We are testing the performance of metadata when stored in JSONB compared to a traditional EAV catalogue (commonly used in biomedical scenarios), using a PostgreSQL 9.4 server.
I get a problem when trying to improve the EAV performance with proper indexing. This is an issue that I have encountered also with other queries on other tables so I fear we are making some fundamental mistake.
To model the EAV I have three tables:
data that contains all the Entities (not shown)
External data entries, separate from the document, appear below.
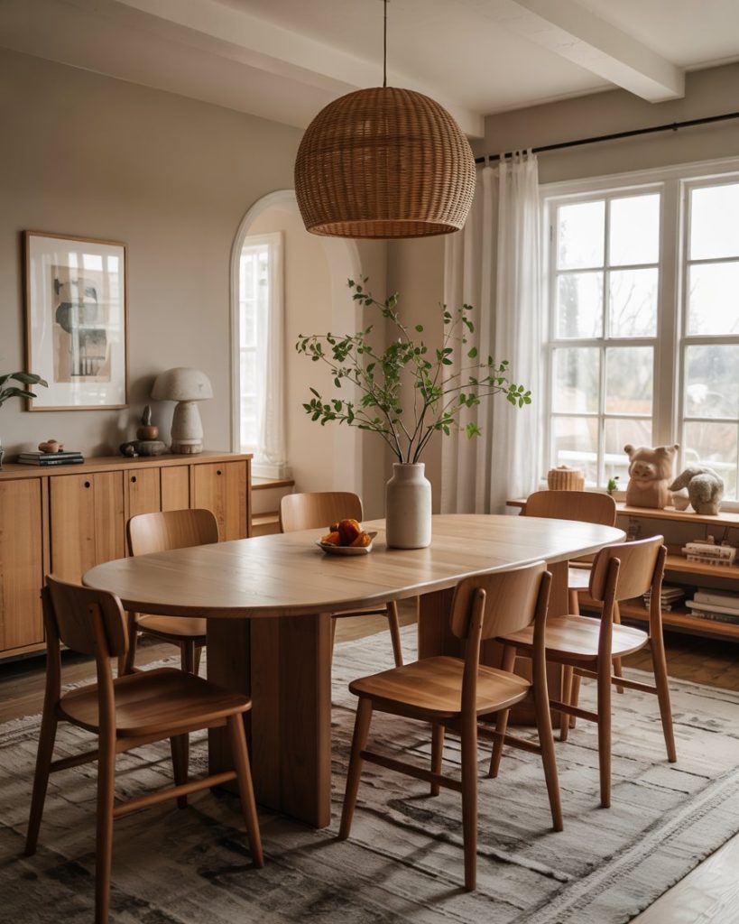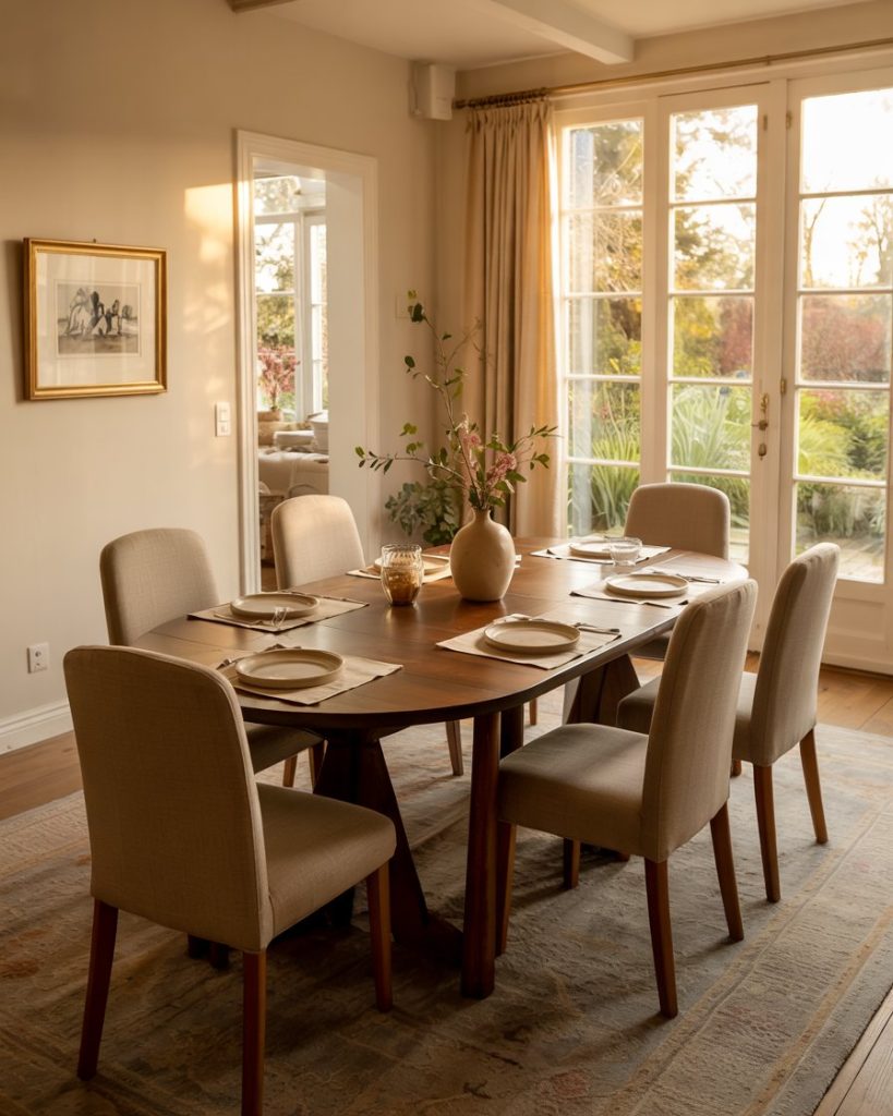A bold oval wooden table softens sharp corners and gives families easier movement around the space. Kids can slide in without bumping edges, and the elongated curve still seats plenty of guests. I once watched a family of seven squeeze in extra chairs, and nobody felt trapped. Apartment Therapy’s editors love oval tables because they visually stretch narrow rooms while keeping a relaxed, welcoming vibe.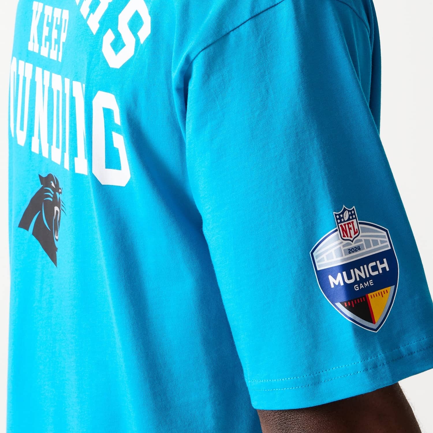 Get the official New Era American Football Men's T-Shirt of the Carolina Panthers, exclusively designed for the 2024 NFL season game in Munich! This blue oversized T-shirt, featuring the iconic "Keep Pounding" slogan, is perfect for supporting your team in the thrilling showdown against the New York Giants.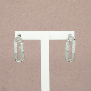 Arete de rodio diseño segurito con circones, broche poste.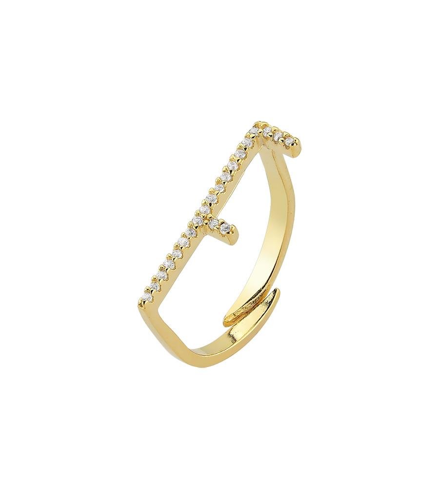 - Anel dourado de aro fino com letra F cravejada com micro zircônias incolor.- Banho de ouro 18K.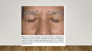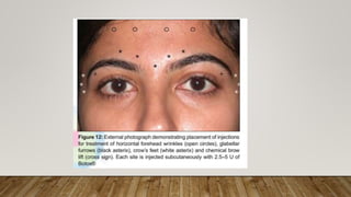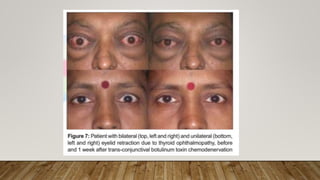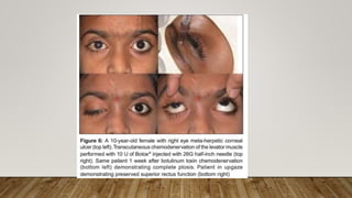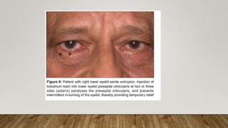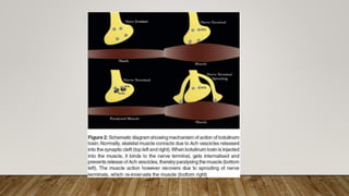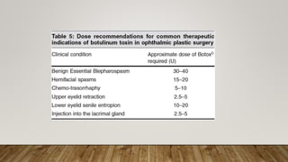 Botulinum toxin type A (Botox) is produced by Clostridium botulinum and effectively treats strabismus and other eye muscle disorders by temporarily paralyzing muscles. It works by inhibiting the release of acetylcholine at the neuromuscular junction, preventing nerve impulses from being transmitted to muscles. Common uses in ophthalmology include treating blepharospasm, hemifacial spasm, dry eye, and strabismus, with the effects lasting 2-4 months before the muscle function returns.

eav_attribute that contains all the Attributes
CREATE TABLE eav_attribute ( id serial PRIMARY KEY, data_type integer NOT NULL, loop integer, name text NOT NULL, field_type text NOT NULL, has_unit boolean, created_at timestamp with time zone NOT NULL, updated_at timestamp with time zone NOT NULL );
eav_value_text_data that contains all the Values
CREATE TABLE eav_value_text_data ( id serial PRIMARY KEY, entity integer NOT NULL, attribute integer NOT NULL, value text NOT NULL, created_at timestamp with time zone NOT NULL, updated_at timestamp with time zone NOT NULL );
With the following foreign key constraint that associates the last two tables (other foreign keys not shown as they are not employed in the query I tried):
ALTER TABLE ONLY eav_value_text_data ADD CONSTRAINT eav_value_text_data_attribute_fkey FOREIGN KEY (attribute) REFERENCES eav_attribute(id);
I have populated the two tables with a huge dataset of genomic variations.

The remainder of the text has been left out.